Cyprus has been home to many different civilizations, ruled by many kingdoms and colonized by several countries. The last country to colonize all of Cyprus was the United Kingdom. In 1960 the country of Cyprus declared its independence and, though ethnical differences between Greek Cypriots and Turkish Cypriots were a serious issue, there was no doubt that this was one sovereign country, with one government and one Parliament. However, this was brutally changed in 1974 when Turkish troops took over one third of the island and later declared the Turkish Republic of Northern Cyprus. Despite the fact that no country other than Turkey recognizes that ”republic” as an independent country, the island is in practice divided. Now, more than 40 years later, people are finally starting to see the light at the end of the tunnel, and many have high hopes for the ongoing reunification process. But uniting a country that has been divided for 45 years is not an easy task, especially when the sides don’t even agree what happened in 1974. From the Greek Cypriot perspective, the country was occupied by the Turkish military, which forced people out of their homes. From the other side, the occupation is seen as a consequence of systematic discrimination and as a humanitarian intervention to save Turkish Cypriots.
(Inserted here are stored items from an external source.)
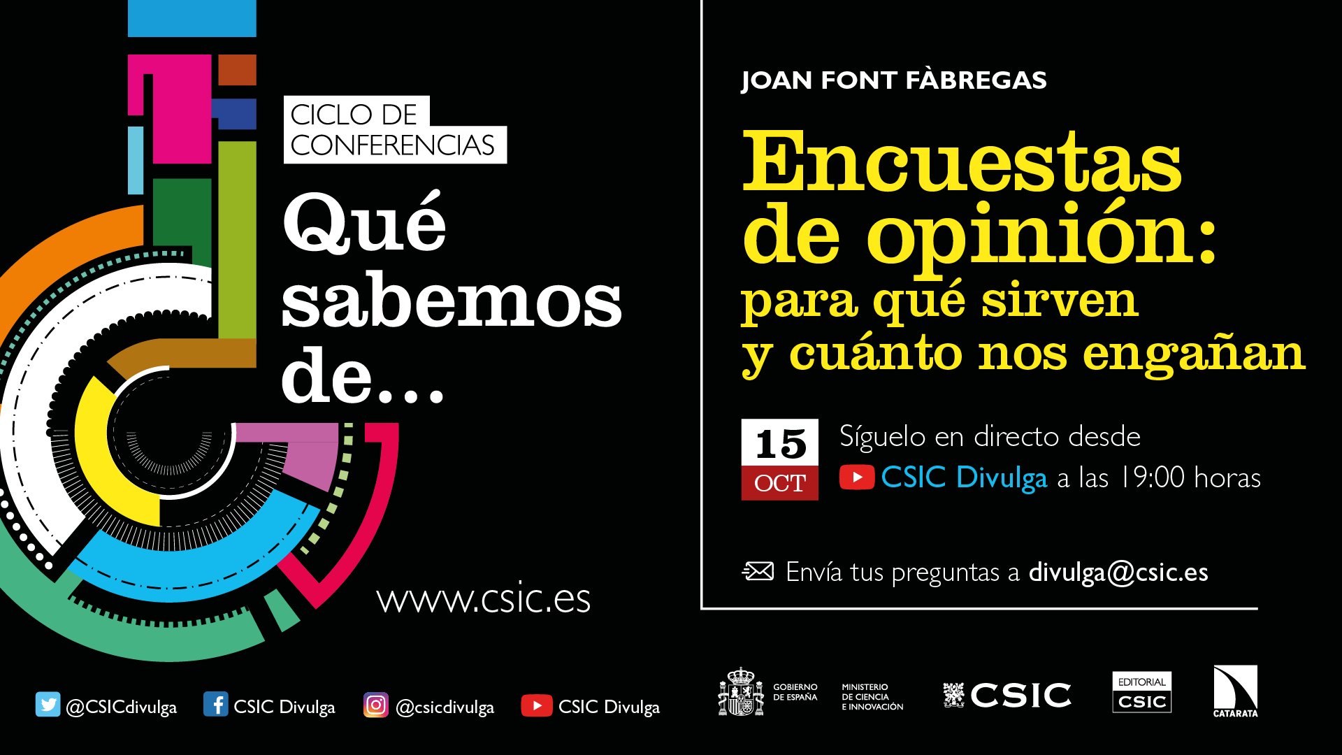 Las encuestas forman parte de nuestra cotidianeidad: casi todos los días escuchamos algo sobre ellas en los medios de comunicación y son utilizadas por ministerios o parlamentos en la toma de decisiones. Pero, ¿son mejores o peores que otras herramientas que utilizan las administraciones públicas para escuchar a la ciudadanía? Esta pregunta es una de las que guían la charla Encuestas de opinión: para qué sirven y cuánto nos engañan, que el especialista en ciencias sociales Joan Font ofrecerá online el jueves 15 de octubre, a las 19:00 horas, en el canal de Youtube CSIC Divulga.
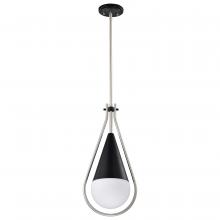 A modern collection with a twist, the Admiral 60-7913 medium pendant features a dual finish, unique design, and a fashionable statement for home luminaires. A suspended tear-dropped shape is comprised of matte black with brushed nickel elements encompassin
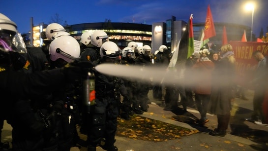 Politiet brukte tåregass mot propalestinske demonstranter og presset dem vekk fra Ullevaal stadion.

A few weeks ago, I participated in a study visit to Cyprus together with the leadership of other International and European political youth organizations. We met with the speaker of The Parliament of Cyprus, the official negotiators from both sides and NGOs active in supporting the reunification process. We were told about the situation from several different perspectives and the hopes is that we can spread awareness and be part of a peace process. We also visited the buffer zones, upheld by the United Nations, that divide the sides.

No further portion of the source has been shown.